Calibrated probability estimates for estimating task time

There is a popular idea in software engineering, that is that it is not possible to estimate how long a project will take. Articles like this and this are this argue this compellingly. However, this idea has a way of being self-fulfilling.

After reading How to Measure Anything by Douglas Hubbard, I’ve changed my mind about the feasibility of software project estimation. My overall position is one of challenging myself and others to get better at quantifying their current level of uncertainty. Let’s first go over what that has to do with estimation.

The book’s title reeks of hubris, measure anything?!, yes. It’s a bold project, but let’s focus for a moment on the process the book spells out, and how it applies to software project estimation. The book starts by defining a measurement as:

a measurement is a reduction in uncertainty, quantitatively expressed

Uncertainty is also defined, it is the existence of multiple possibilities. It can be measured by the probabilities of those possibilities.

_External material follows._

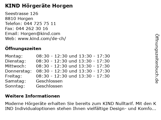 | Öffnungszeiten KIND Hörgeräte Horgen in Horgen anzeigen | |

So implicit in the idea of uncertainty is the idea of probability. The book takes a strong Bayesian stance. One thing that needs to be cleared up is what is meant by “there is a 90% probability of event A happening”. What if event A is something that will only happen once? For example, suppose A is “the 2018 midterm elections will result in democrats winning a Senate majority but not the House”. That event can’t be repeated, but that probability is still meaningful, and in order understand what the correctness of such a probabilistic statement is, we need the idea of calibration.

Calibration is the idea that an estimator is calibrated if for all p% claims of probability it makes, it is correct about p% of the time. So, even if the 2018 midterm elections only happen once, if the estimator (e.g. Nate Silver) makes a bunch of claims about something with “p% confidence”, those claims are right about p% of the time. As a concrete example: On the eve of the 2016 election, FiveThirtyEight had Trump’s chances at about 28.6%, so if FiveThirtyEight is right about 28% of the time when making similar claims, we can consider them as calibrated.

What does this have to do with software project estimation? It starts with quantifying your current level of uncertainty, if you are bad at that, then Kahneman’s Planning Fallacy applies. The good news is that you can learn to calibrate your estimates of your own uncertainty. Once you are calibrated, you can make claims like “with 90% probability, this software project will be done in 1 - 3 months”, and be right 90% of the time.

Doing calibration training is a matter of taking a bunch of tests and paying Douglas Hubbard money, so I thought of a better way. I’m working on a command line tool called task that records tasks in a SQLite database, along with a 90% Confidence Interval (CI) of how long that task will take. You can tell it that your are done by typing task end and then the ended field will be set. Once it gathers enough data, you can compute how not-calibrated you are, and then use that to update your estimates in the future. As you keep using this tool you should get better at making 90% CI estimates, and once you align your estimation correctness rate with the probability level you initially claimed, you will emerge as a competent project estimator. Even if you are wrong 10% of the time, if your 90% CI level for how long a project takes happens to be right 90% of the time, then your estimates are correct, and the estimation skeptics can be shown a counterexample to their claims that project ETA is unknowable.

Overall, I agree that estimation is hard, but I take that as a challenge, not as a limitation. If you can decompose a project into tasks, and give calibrated estimates of the probability of each of those tasks taking a certain amount of time, you can predict how long it will take, about 90% of the time.